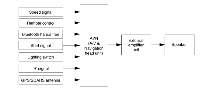 Расположение компонентов 1. AVN (головное устройство аудио/видео и навигации)2. Среднечастотный динамик 3. Внешний усилитель4. Антенна на крыше (GPS + SDARS)5. Динамик в передней двери6. Задний динамик7. Низкочастотный динамик8. Кабель питания антенны9. ...
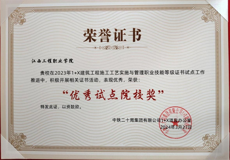 经学院申报、中铁二十局集团有限公司“1+X”项目办公室评选,必赢官网成功获批“1+X 建筑工程施工工艺实施与管理职业技能等级证书省级考务管理中心”,江西省高校仅授权两家。下一步,学院将与中铁二十局共同组织江西省相关1+X证书考务管理工作。
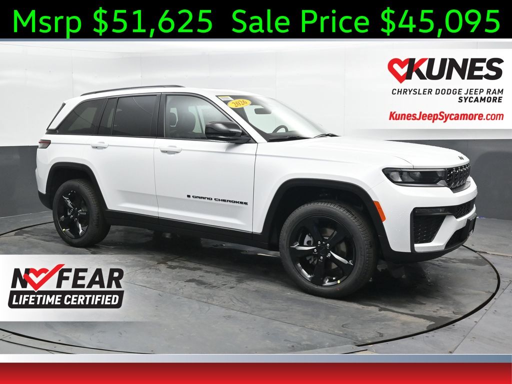 2026 Jeep Grand Cherokee Laredo 4WD 8-Speed Automatic 2.0L V6 SMPI Turbocharged DOHC 24V LEV3-SULEV30 293hp 19/26 City/Highway MPG At Kunes Chrysler Dodge Jeep RAM of Sycamore, we believe in faith, family, and giving back to the communities we are a part of. We also stand by our belief that we will only provide you with the best service we can, and we will make every effort to make everything right for you. Our aggressive financial team works hard to find the best solution to your credit situation. They have worked with all types of credit from "the skies the limit" credit to "why me" credit. They will optimize all options to meet your needs and get you in the vehicle of your dreams! Sale prices are contingent with financing. While we make every effort to ensure the data listed here is correct, there may be instances where some of the factory rebates, incentives, options or vehicle features may be listed incorrectly as we get data from multiple data sources. PLEASE MAKE SURE to confirm the details of the vehicle with the dealer to ensure its accuracy. Dealer reserves the right to correct any pricing error prior to final sale. Prices shown do not include taxes, license, and title fees and a $377.63 documentary service fee. Price includes: $1500 - 2026 National Retail Bonus Cash . Exp. 04/30/2026
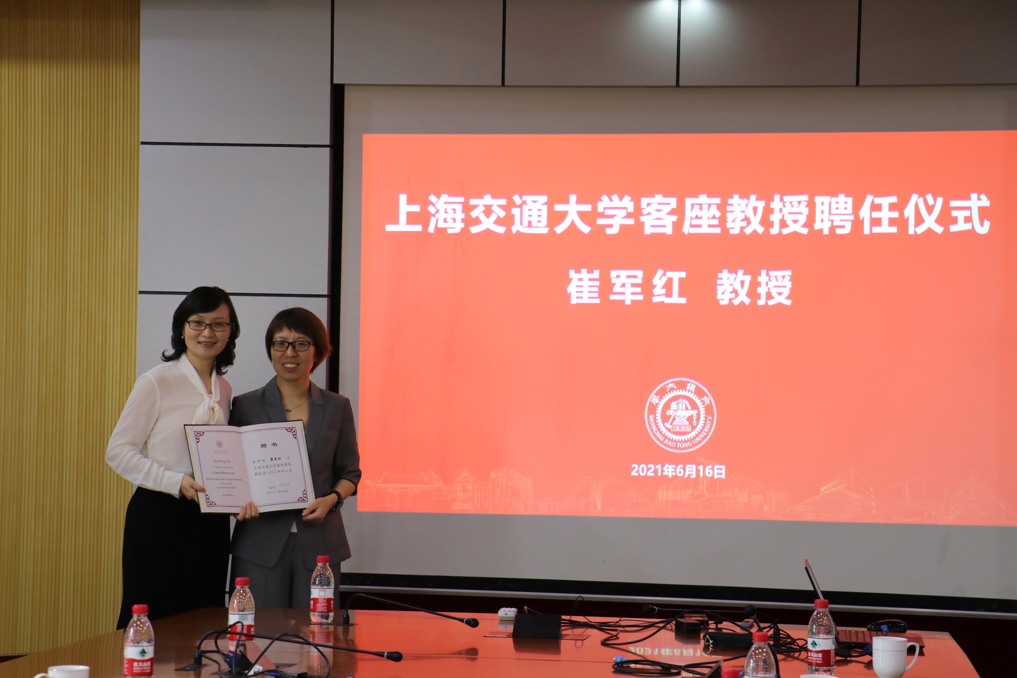 廖世俊介绍了崔军红教授的学术成就和主要研究领域。欢迎仪式后,周薇书记代表学校授予崔军红“上海交通大学客座教授”并颁发聘书。崔军红教授表达了对学校和凯发官网 的衷心感谢,她表示今后会在智慧海洋技术领域为学校的人才培养和学术交流做出积极贡献。
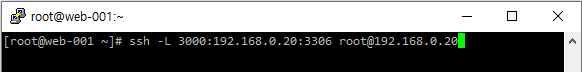 ssh -L 3000:192.168.0.20:3306 root@192.168.0.20
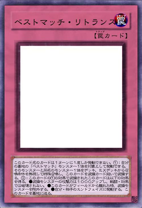 | このカード名のカードは1ターンに1度しか発動できない。①:自分の墓地の「ベストマッチ」モンスター1体を対象として発動できる。そのモンスターと同名のモンスター1体をデッキ、EXデッキから召喚条件を無視して特殊召喚し、このカードを装備カード扱いで装備する。②:このカードの①の効果で装備されたこのカードは以下の効果を得る。●装備モンスターの攻撃力は1000アップし、戦闘・効果では破壊されない。●このカードがフィールドから離れた時、装備モンスターを除外する。●自分・相手のエンドフェイズに発動する。このカードを墓地に送る。 | |||
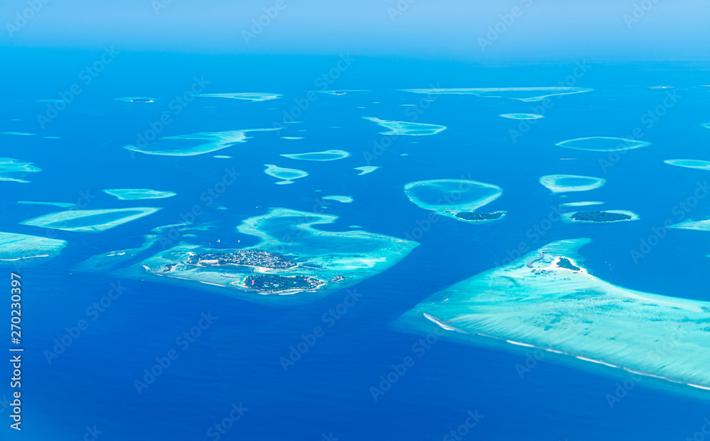Samolepka Maldives islands top view from airplane window
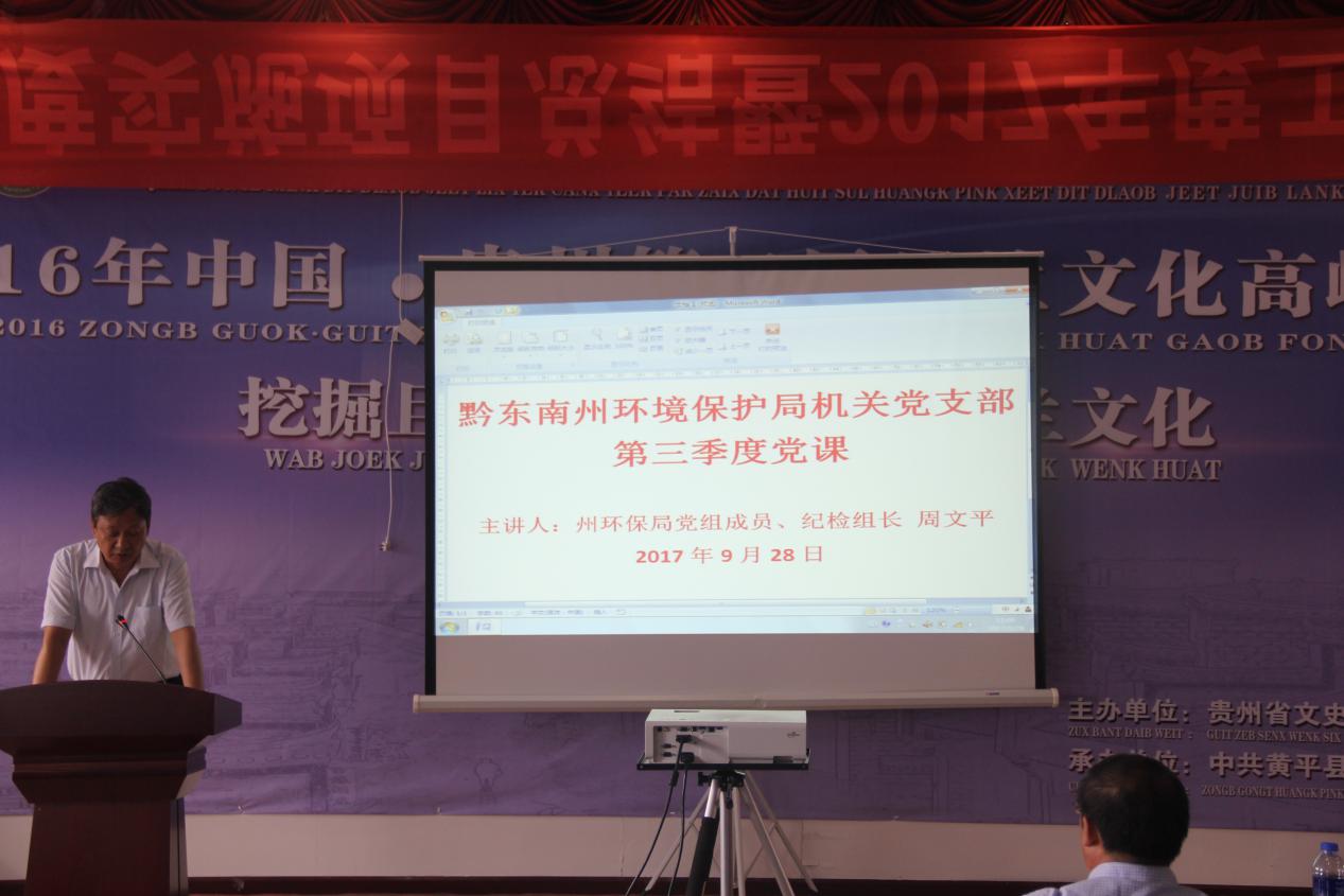 为扎实推动“两学一做”学习教育常态化制度化,充分发挥党员的先锋模范作用,根据2017年党员教育计划安排,9月28日,州环保局机关党支部组织全体党员进行了2017年第三季度主题党课和警示教育,局党组成员、纪检组长周文平同志授课。
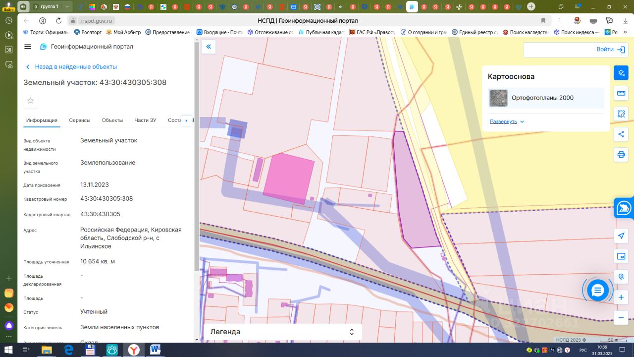 Земельный участок с кадастровым номером 43:30:430305:308 площадь 10654 по адресу Российская Федерация, Кировская область, Слободской р-н, с Ильинское
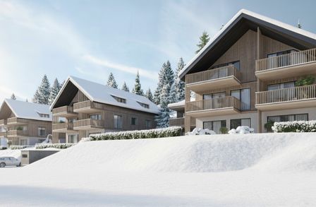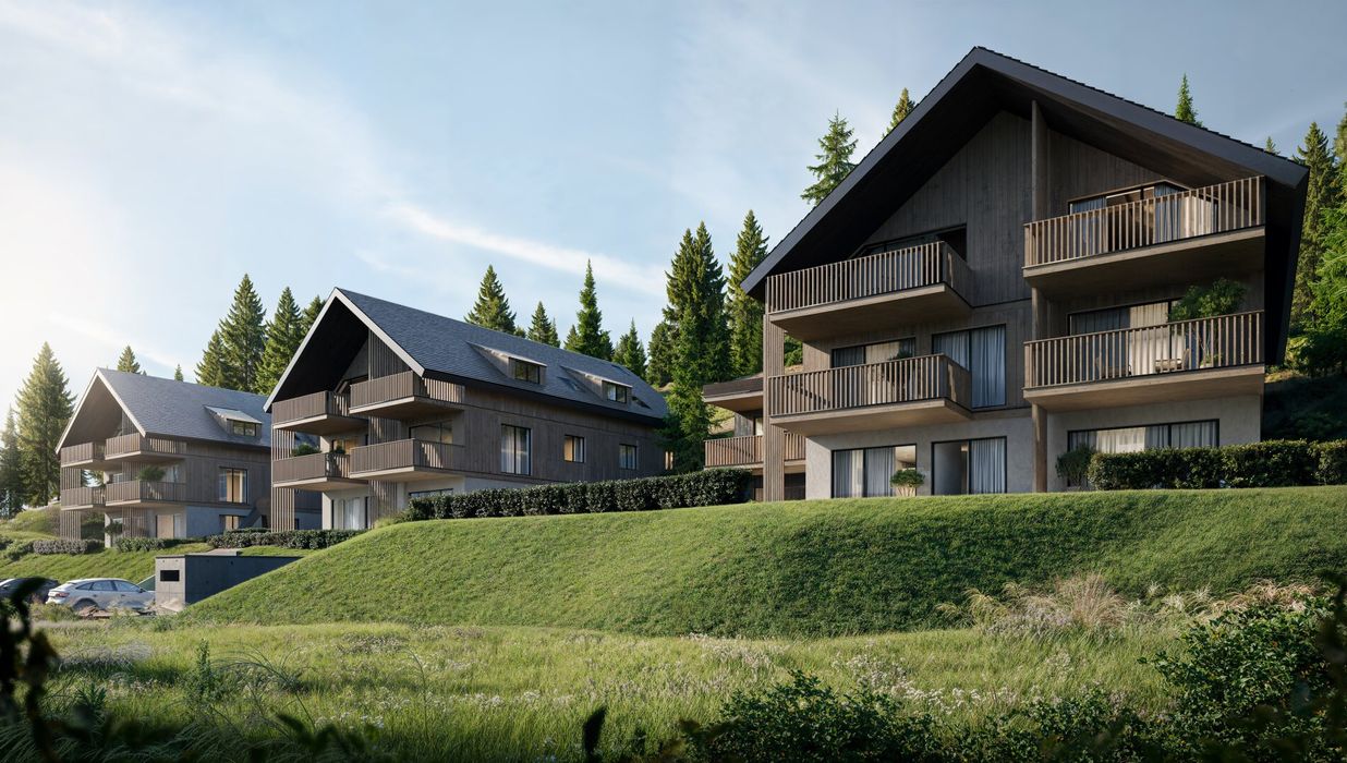 Inmitten der atemberaubenden Kärntner Nockberge, auf der sonnigen Hochrindl, entstehen drei Häuser, mit je 8 Wohnungen.

**********

DESCRIPTION OF THE TASK
The data must be repeated exactly. Any pictures in it are to be left out.

EXPECTED OUTPUT
 Расположение компонентов 1. AVN (головное устройство аудио/видео и навигации)2. Среднечастотный динамик 3. Внешний усилитель4. Антенна на крыше (GPS + SDARS)5. Динамик в передней двери6. Задний динамик7. Низкочастотный динамик8. Кабель питания антенны9. ...
 经学院申报、中铁二十局集团有限公司“1+X”项目办公室评选,必赢官网成功获批“1+X 建筑工程施工工艺实施与管理职业技能等级证书省级考务管理中心”,江西省高校仅授权两家。下一步,学院将与中铁二十局共同组织江西省相关1+X证书考务管理工作。
 2026 Jeep Grand Cherokee Laredo 4WD 8-Speed Automatic 2.0L V6 SMPI Turbocharged DOHC 24V LEV3-SULEV30 293hp 19/26 City/Highway MPG At Kunes Chrysler Dodge Jeep RAM of Sycamore, we believe in faith, family, and giving back to the communities we are a part of. We also stand by our belief that we will only provide you with the best service we can, and we will make every effort to make everything right for you. Our aggressive financial team works hard to find the best solution to your credit situation. They have worked with all types of credit from "the skies the limit" credit to "why me" credit. They will optimize all options to meet your needs and get you in the vehicle of your dreams! Sale prices are contingent with financing. While we make every effort to ensure the data listed here is correct, there may be instances where some of the factory rebates, incentives, options or vehicle features may be listed incorrectly as we get data from multiple data sources. PLEASE MAKE SURE to confirm the details of the vehicle with the dealer to ensure its accuracy. Dealer reserves the right to correct any pricing error prior to final sale. Prices shown do not include taxes, license, and title fees and a $377.63 documentary service fee. Price includes: $1500 - 2026 National Retail Bonus Cash . Exp. 04/30/2026
 廖世俊介绍了崔军红教授的学术成就和主要研究领域。欢迎仪式后,周薇书记代表学校授予崔军红“上海交通大学客座教授”并颁发聘书。崔军红教授表达了对学校和凯发官网 的衷心感谢,她表示今后会在智慧海洋技术领域为学校的人才培养和学术交流做出积极贡献。
 ssh -L 3000:192.168.0.20:3306 root@192.168.0.20
 | このカード名のカードは1ターンに1度しか発動できない。①:自分の墓地の「ベストマッチ」モンスター1体を対象として発動できる。そのモンスターと同名のモンスター1体をデッキ、EXデッキから召喚条件を無視して特殊召喚し、このカードを装備カード扱いで装備する。②:このカードの①の効果で装備されたこのカードは以下の効果を得る。●装備モンスターの攻撃力は1000アップし、戦闘・効果では破壊されない。●このカードがフィールドから離れた時、装備モンスターを除外する。●自分・相手のエンドフェイズに発動する。このカードを墓地に送る。 | |||
Samolepka Maldives islands top view from airplane window
 为扎实推动“两学一做”学习教育常态化制度化,充分发挥党员的先锋模范作用,根据2017年党员教育计划安排,9月28日,州环保局机关党支部组织全体党员进行了2017年第三季度主题党课和警示教育,局党组成员、纪检组长周文平同志授课。
 Земельный участок с кадастровым номером 43:30:430305:308 площадь 10654 по адресу Российская Федерация, Кировская область, Слободской р-н, с Ильинское
 Inmitten der atemberaubenden Kärntner Nockberge, auf der sonnigen Hochrindl, entstehen drei Häuser, mit je 8 Wohnungen.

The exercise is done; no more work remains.